Grocery List – Week 1

Hi, and welcome to the inaugural shopping list! In case you haven’t stopped by the FAQ yet, here’s what’s happening: Each week, I try to come up with a menu that has 3-5 interesting entrees with enough shared ingredients that you can use everything up by the end of the week. (Or pretty close anyway.) On Sunday, I’ll post the menu as well as the shopping list for the week. If the recipes look good to you, you’ll know what to shop for. Sometimes I make substitutions in the recipes in order to use ingredients more efficiently; if so, there will be a note in the recipe review (posted later in the week). Get the idea? Sound good? Ok, let’s go!
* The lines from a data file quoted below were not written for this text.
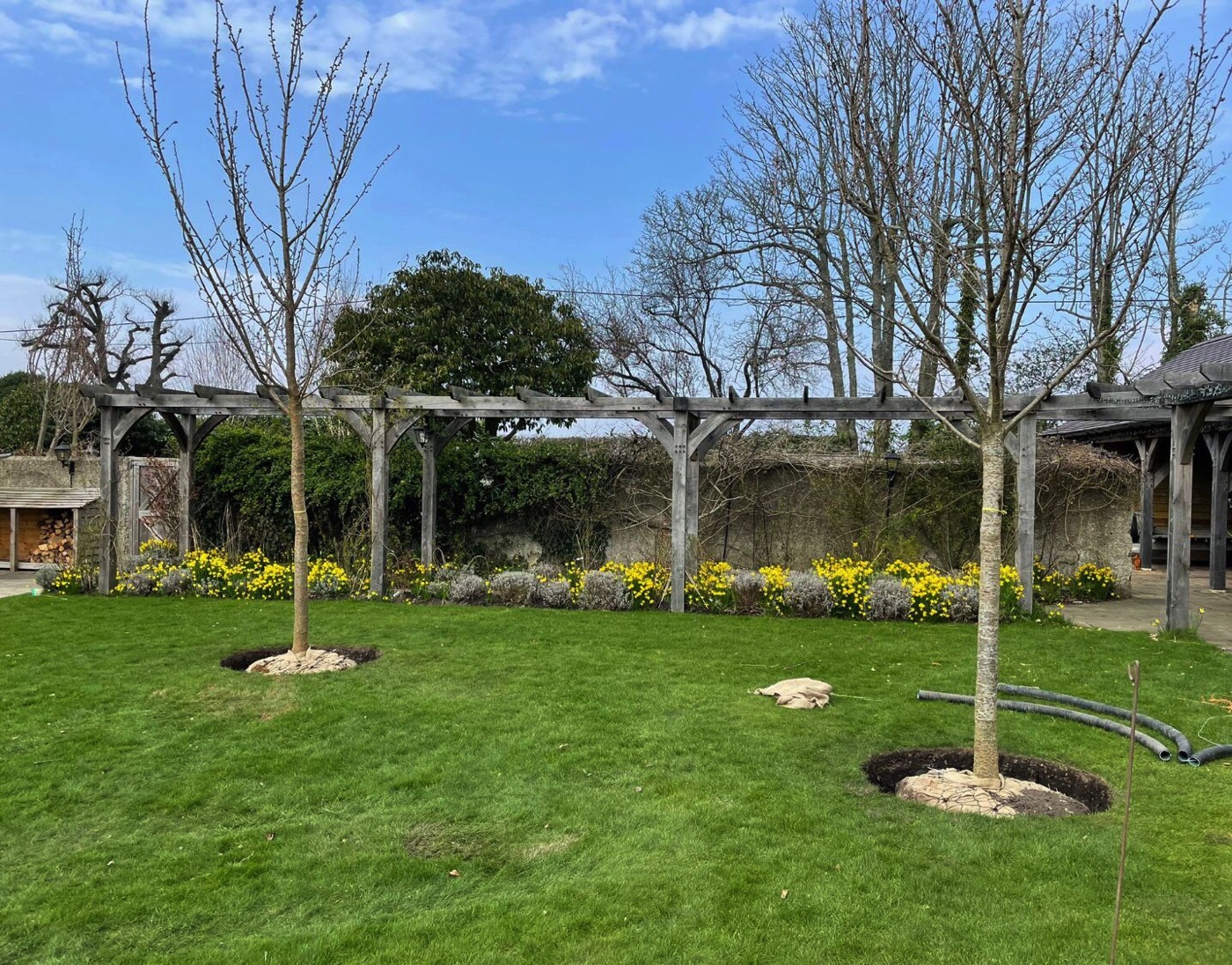 Our teams are skilled in soft landscape and planting techniques. We can produce a planting design for you (subject to design fees) and can supply and plant your garden. All plants are sourced from our partnered growers and nurseries. We work from live availability lists to ensure plants are available. From alpines through herbaceous and perennial species, fruit and more specific feature plants like Japanese Acers to hardy shrubs both typical garden centre sizes and larger more established specimens can be selected depending on your brief and requirements. All planting is undertaken with pro-grow compost and optional mulching to give your plants the best start. Again we recommend a watering system to aid development of your new plants.
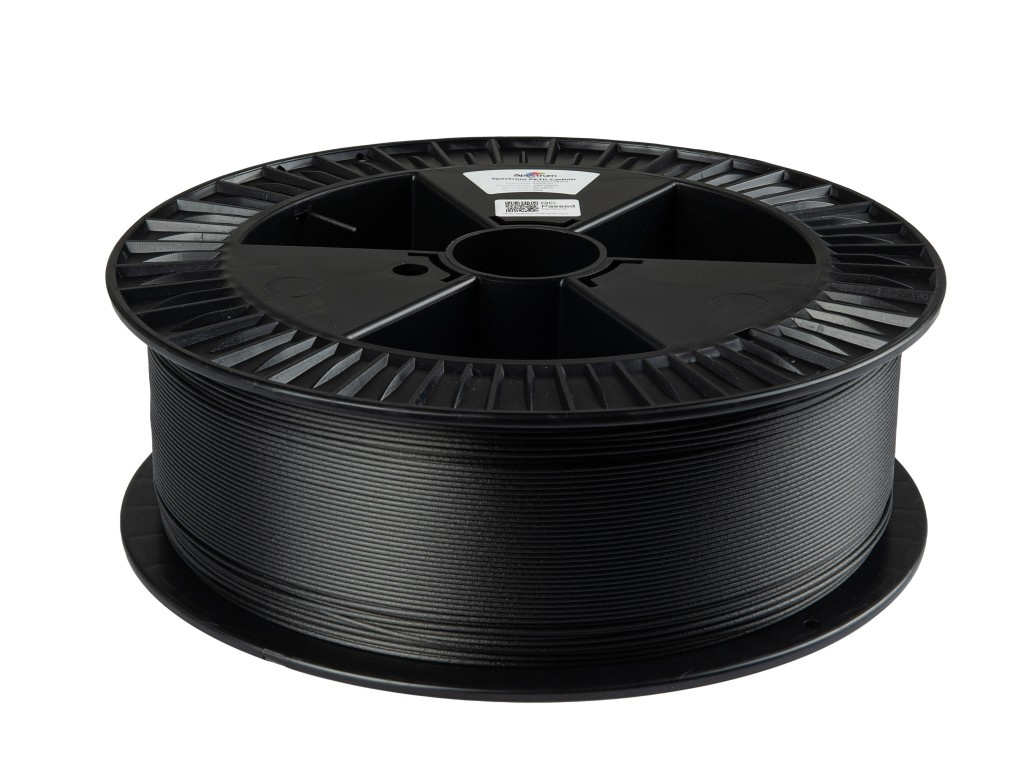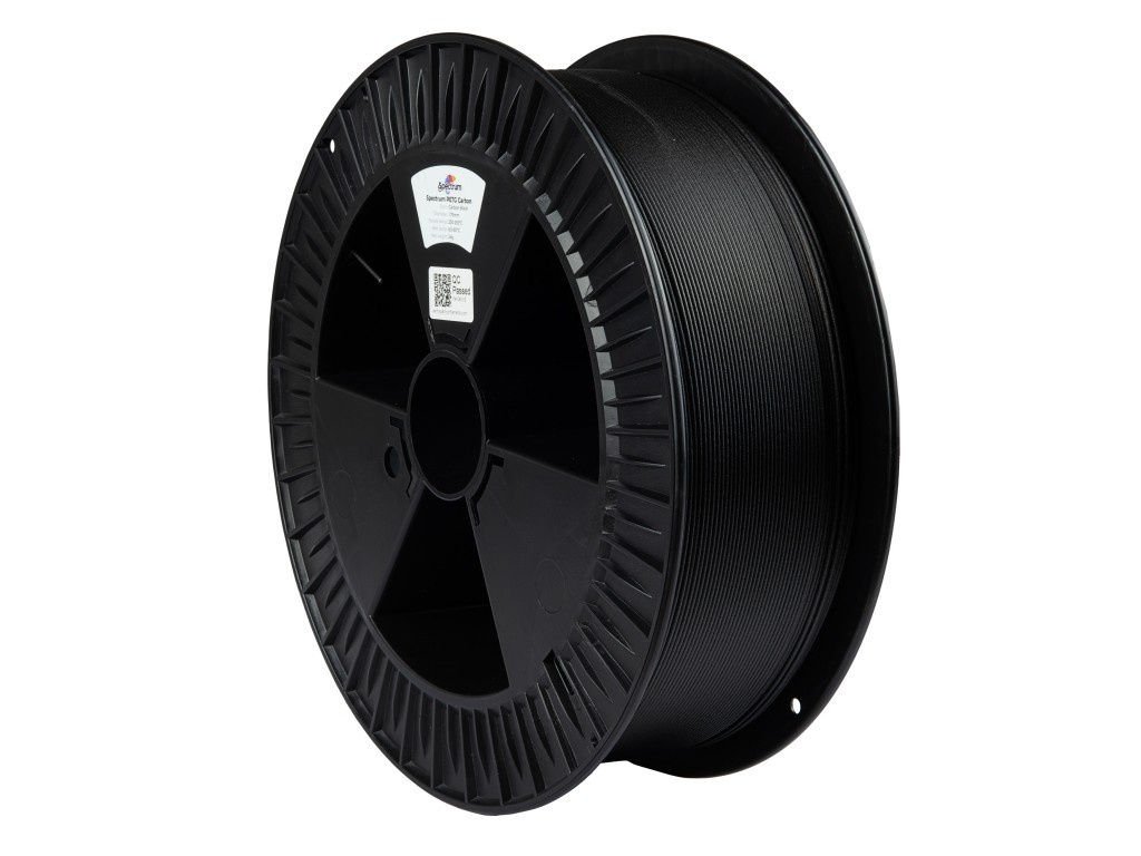 Spectrum PET-G Carbon is a modified filament based on PET-G mixed with carbon fibers, which contributes to significantly higher stiffness, hardness, and tensile strength while maintaining low shrinkage and very good adhesion to build platforms typical for pure PET-G. A 10% addition of carbon fibers allows for obtaining matte surfaces of printed materials, which significantly enhances the aesthetic properties of the prints.
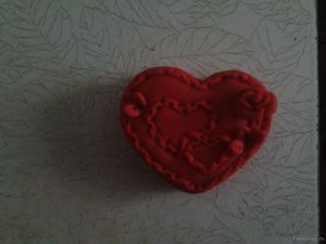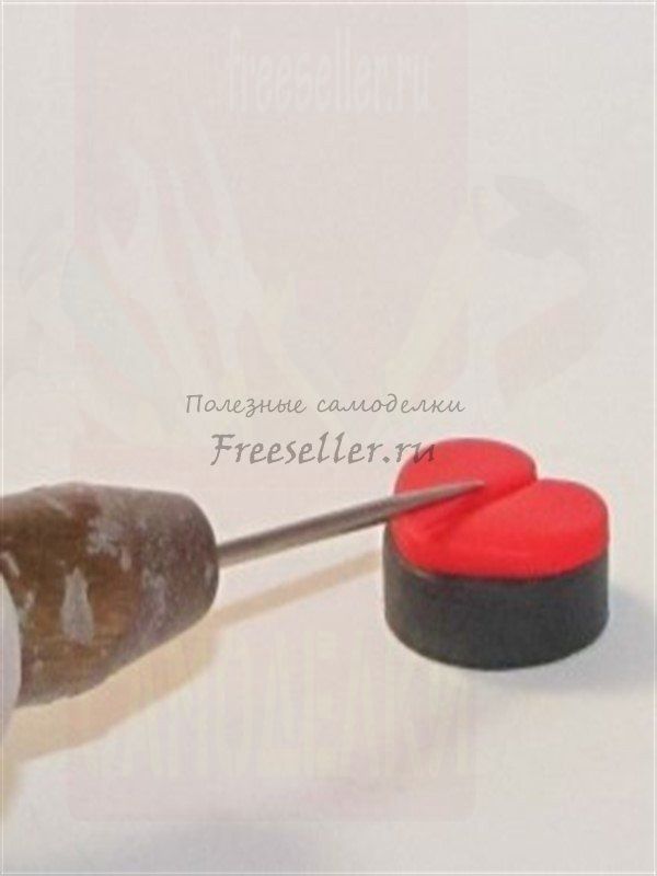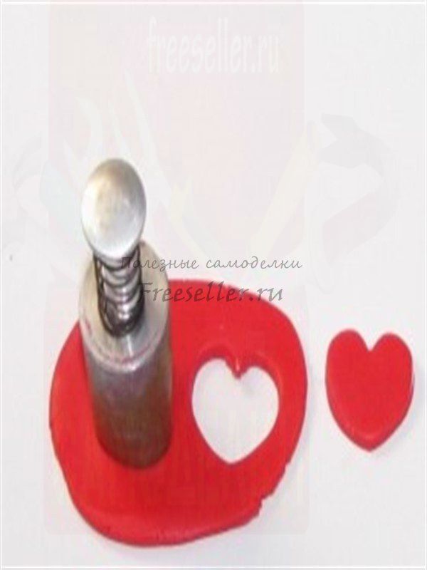 2. Используя формочки, вырежьте сердце из куска красной глины и круг из куска чёрной глины.

Ok folks, this is a cheese-intensive week.  It’s going to seem like a lot of cheese. As you’re adding cheeses to the cart, you’re going to start thinking to yourself, “Hang on, another cheese?” It seems a little crazy, but it really will get used… with the exception of the cream cheese. I went and got a whole brick of cream cheese without a backup plan, because I think it adds a lot to this week’s Irish Pub Spinach & Artichoke Melt. Only one ounce is called for. But it is totally optional; the sandwich will still be cheesy and delicious either way. You can try to get the smallest container you can find, or use it on something else (like bagels), or just leave it out.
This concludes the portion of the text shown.